Digital television broadcasting means consumers are gaining control in choosing when, what, and how they watch television programmes in this ever-increasing multichannel environment (McDowell & Walter, 2000). According to Sutherland and Sylvester (2000), there are two separate processes at work when a consumer is making a decision on the type of programme to watch: (a) the generation of alternatives and (b) the evaluation of the alternatives. By chance, in an attempt to select a programme among alternative programmes available, a viewer may come across an appealing programme. By choice, a viewer decides which programme to watch. In the current digital age, it is the quality of content that is appropriate to target consumers that counts and not the quantity.

Literature has also identified the adoption of digital television broadcasting as an opportunity for innovation and creativity. On the one hand, the push for attention compels industrial players, particularly content producers and broadcasting companies, to conform to standards (Berman, Battino, Shipnuck, & Neus, 2007; Teixeira, 2014).

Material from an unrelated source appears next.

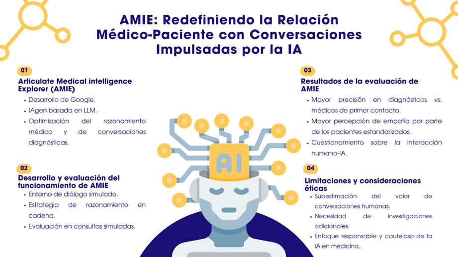 Este trabajo representa una exploración temprana del potencial de la IA en el ámbito médico, subrayando la necesidad de un enfoque responsable y cauteloso. La IA, aunque prometedora, debe abordar desafíos significativos antes de integrarse completamente en la práctica clínica. AMIE es un proyecto de investigación experimental que busca visualizar un futuro donde la IA sea un aliado seguro y accesible para los clínicos en la toma de decisiones diagnósticas y conversaciones médicas.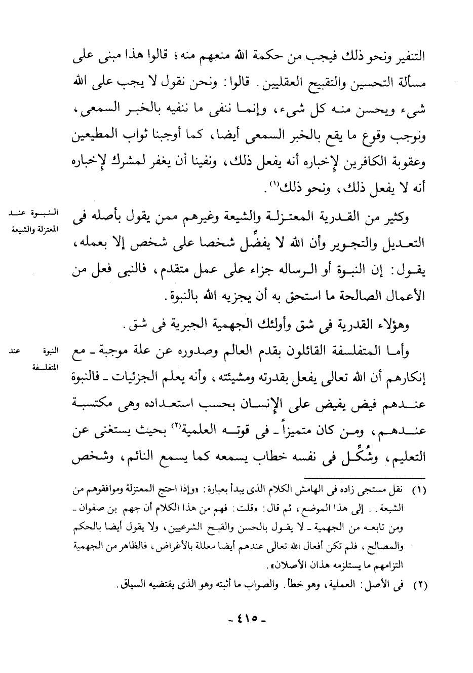 (¬1) نَقَلَ مُسْتَجِي زَادَهْ فِي الْهَامِشِ الْكَلَامَ الَّذِي يَبْدَأُ بِعِبَارَةِ: " وَإِذَا احْتَجَّ الْمُعْتَزِلَةُ وَمُوَافِقُوهُمْ مِنَ الشِّيعَةِ. . إِلَى هَذَا الْمَوْضِعِ، ثُمَّ قَالَ: " قُلْتُ: فَهُمْ مِنْ هَذَا الْكَلَامِ أَنَّ جَهْمَ بْنَ صَفْوَانَ - وَمَنْ تَابَعَهُ مِنَ الْجَهْمِيَّةِ - لَا يَقُولُ بِالْحُسْنِ وَالْقُبْحِ الشَّرْعِيَّيْنِ، وَلَا يَقُولُ أَيْضًا بِالْحِكَمِ وَالْمَصَالِحِ، فَلَمْ تَكُنْ أَفْعَالُ اللَّهِ تَعَالَى عِنْدَهُمْ أَيْضًا مُعَلَّلَةً بِالْأَغْرَاضِ، فَالظَّاهِرُ مِنَ الْجَهْمِيَّةِ الْتِزَامُهُمْ مَا يَسْتَلْزِمُهُ هَذَانِ الْأَصْلَانِ

On the other and, however, this technological innovation is a great threat due to the abundance of choices being provided on media outlets available. Aside from these numerous choices, content emanating from the West tends to dominate the mediascape, which is “the images of the world created by these media” (Appadurai, 1996, p. 35). The result is that consumers are further fragmented. This causes identity confusion as the influx of foreign content programmes further reduces local content, a thing which is already a problem for stakeholders as the balance between content heavily weighted towards foreign rather than local content on the platform (Ballantyne, 2002; Corwin, 2000; Stern, 1999). The challenge for stakeholders, particularly in Africa, is how to preserve the local cultural values from being adulterated by the influx of foreign programmes, since the adoption of the digital television broadcasting across the world would eventually lead to the proliferation of all television channels on all local peoples. A recent survey on TV viewership puts The Ghana Broadcasting Corporation (GBC), which was established to be an epitome of Ghana’s cultural reflexivity, at the fifth position, with an average daily viewership of 275,000 (Elliot, 2018). It behoves GBC to adopt innovations that will help attract viewers and help in maintaining the ideological and cultural brand values of the Ghanaian. This will mean getting viewers’ attention by creating a brand that aligns with viewers culture and identity.